— EXERCISE INSTRUCTIONS —
Starting with the line with "Les aspirateurs industriels" in the entries below and going on through the line with "Papier, 50 x 70 cm", output every line exactly and nothing more. No pictures.

(Records drawn from a dataset)
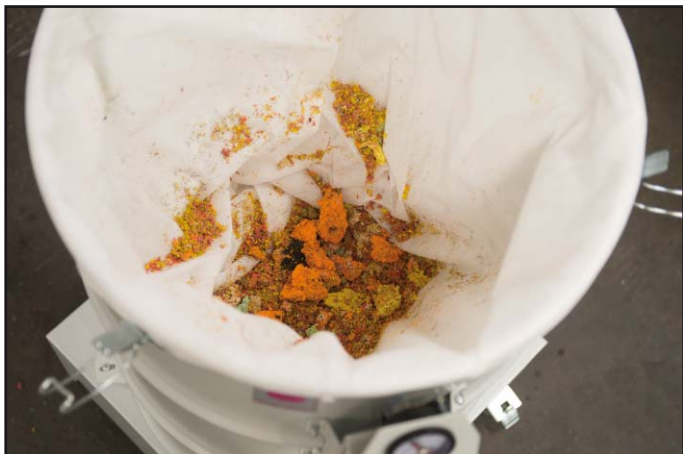
Collecte des résidus de coupe dans un sac en non tissé

Les aspirateurs industriels de la série DAV-SB sont utilisés sur des installations de production pour l'aspiration de peluches et résidus de découpe (papier, plastique, tissu). Leur puissance d'aspiration, leur construction et leurs dimensions sont adaptées aux exigences des machines de production sur lesquelles ils sont utilisés. Les résidus de coupe sont aspirés et collectés dans un sac à filtre de classe de poussière M. Les matériaux aspirés se déposent de façon compacte de façon à exploiter au maximum le volume du filtre. Le filtre plein se retire facilement de l'aspirateur.
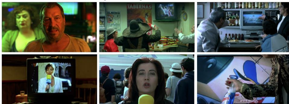
Imagen 7. Fotogramas de 800 balas
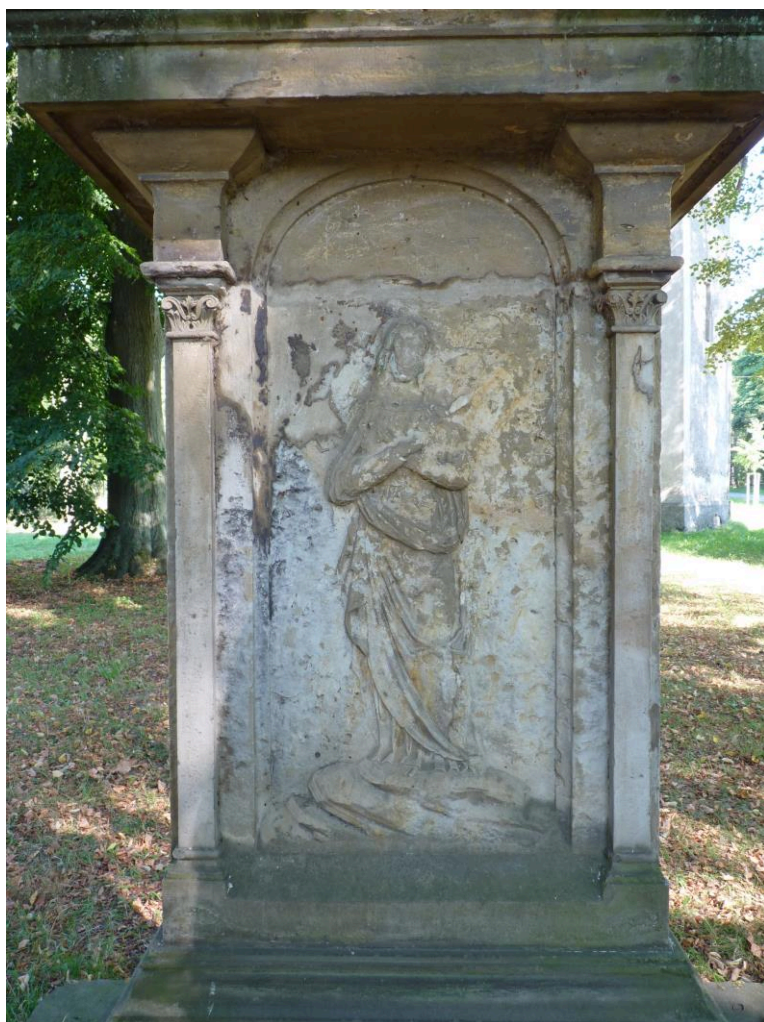
Poškozený reliéf Panny Marie.
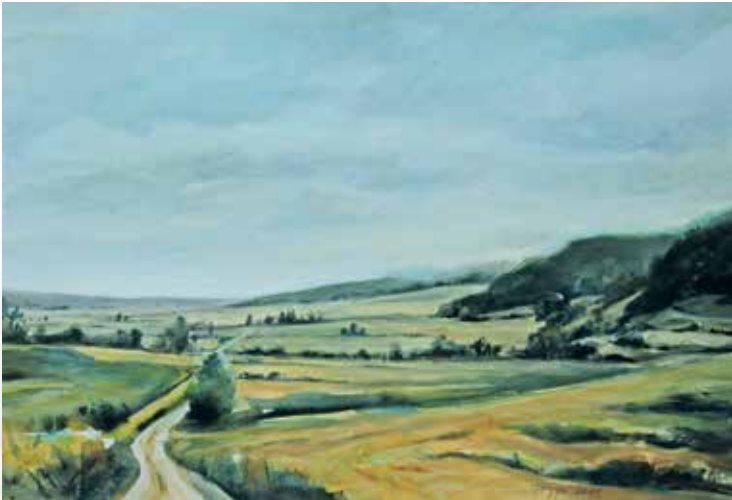
„Feld-Landschaft“, Irene Pregizer 2014, Acryl auf Papier, 50 x 70 cm

Das Tour-Paket haben die Initiative Kunst & Kultur Northeim und die Band gemeinsam geschnürt, zusammen mit den Akteuren der Veranstaltungsorte. Die Zielrichtung: Unterhaltsame, handgemachte amerikanische Musik im Stilmix Bluegrass, Blues und hawaiianischen Klängen wird gezielt in die Fläche gebracht. Dorthin, wo es schöne Veranstaltungsräume und Interesse vor Ort für solch einen Event gibt. Kultur soll es nicht nur in den Zentren geben, sondern auch im ländlichen Bereich und hier werden gezielt interessante Orte und Initiativen vorgestellt. Das ist seit Jahren auch das Bestreben der Northeimer Kulturinitiative, die seit ihrer Gründung 1979 in nunmehr fast 40 Jahren und mit über 500 Konzerten weit mehr als 50 Räume überall im Landkreis Northeim bespielt hat.
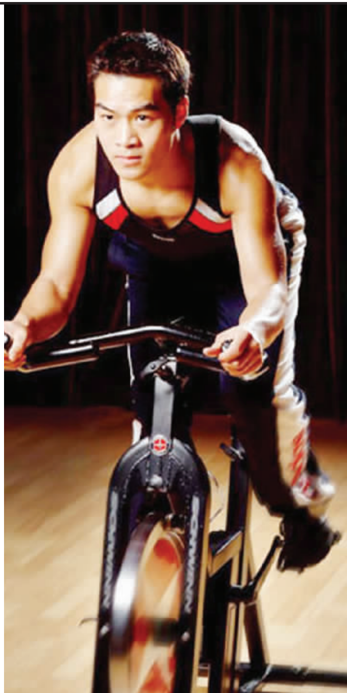
动感单车是不错的冬季室内项目。
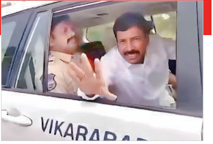
పట్నం నరేందర్ రెడ్డిని తరలిస్తున్న పోలీసులు

కొడంగల్, నవంబర్ 13 ప్రభాతవార్త: వికారాబాద్ జిల్లా కొడంగల్ నియోజకవర్గం దువ్వాల మండలంలోని లగచర్ల గ్రామంలో రెండు రోజుల క్రితం ఘాతానికి గురియైన పట్నం పట్టణం పేరు ప్రఖ్యాతిచెందిన సేకరణకు వెళ్లిన జిల్లా కలెక్టర్ ప్రతీక్ జైన్, అదనపు కలెక్టర్ లింగాయ్య, కనా ప్రత్యేకాధికారి వెంకటేశ్వర్లు తదితర అధికారులపై దాడికి పాల్పడిన సంఘటన తెలిసింది. సీరియస్ సీరియస్ తీసుకున్న ప్రభుత్వం 55 మంది అదుపులోకి తీసుకొని విచారించగా 16 మంది గ్రామస్థులను నిందితులుగా గుర్తించి 39 మందిని వదిలిపెట్టారు. 15 మంది నిందితులను మంగళవారం రాత్రి 12 గంటల ప్రాంతంలో కొడంగల్ కోర్టులో న్యాయ మూర్తి ఎదుట హాజరుపరచగా న్యాయమూర్తి ఆదేశాలతో వారిని పోలీసులు రిమాండ్ కు తరలించారు. సంఘటనలో మిగతావారిని బుధవారం అదుపులోకి తీసుకొని కొడంగల్ కోర్టులో హాజరుపరచారు. అందులో కొడంగల్ మాజీ ఎమ్మెల్యే పట్నం నరేందర్ రెడ్డిని బుధవారం హైదరాబాద్ లో అదుపులోకి >>2

— ANSWER SECTION —
Les aspirateurs industriels de la série DAV-SB sont utilisés sur des installations de production pour l'aspiration de peluches et résidus de découpe (papier, plastique, tissu). Leur puissance d'aspiration, leur construction et leurs dimensions sont adaptées aux exigences des machines de production sur lesquelles ils sont utilisés. Les résidus de coupe sont aspirés et collectés dans un sac à filtre de classe de poussière M. Les matériaux aspirés se déposent de façon compacte de façon à exploiter au maximum le volume du filtre. Le filtre plein se retire facilement de l'aspirateur.
Imagen 7. Fotogramas de 800 balas
Poškozený reliéf Panny Marie.
„Feld-Landschaft“, Irene Pregizer 2014, Acryl auf Papier, 50 x 70 cm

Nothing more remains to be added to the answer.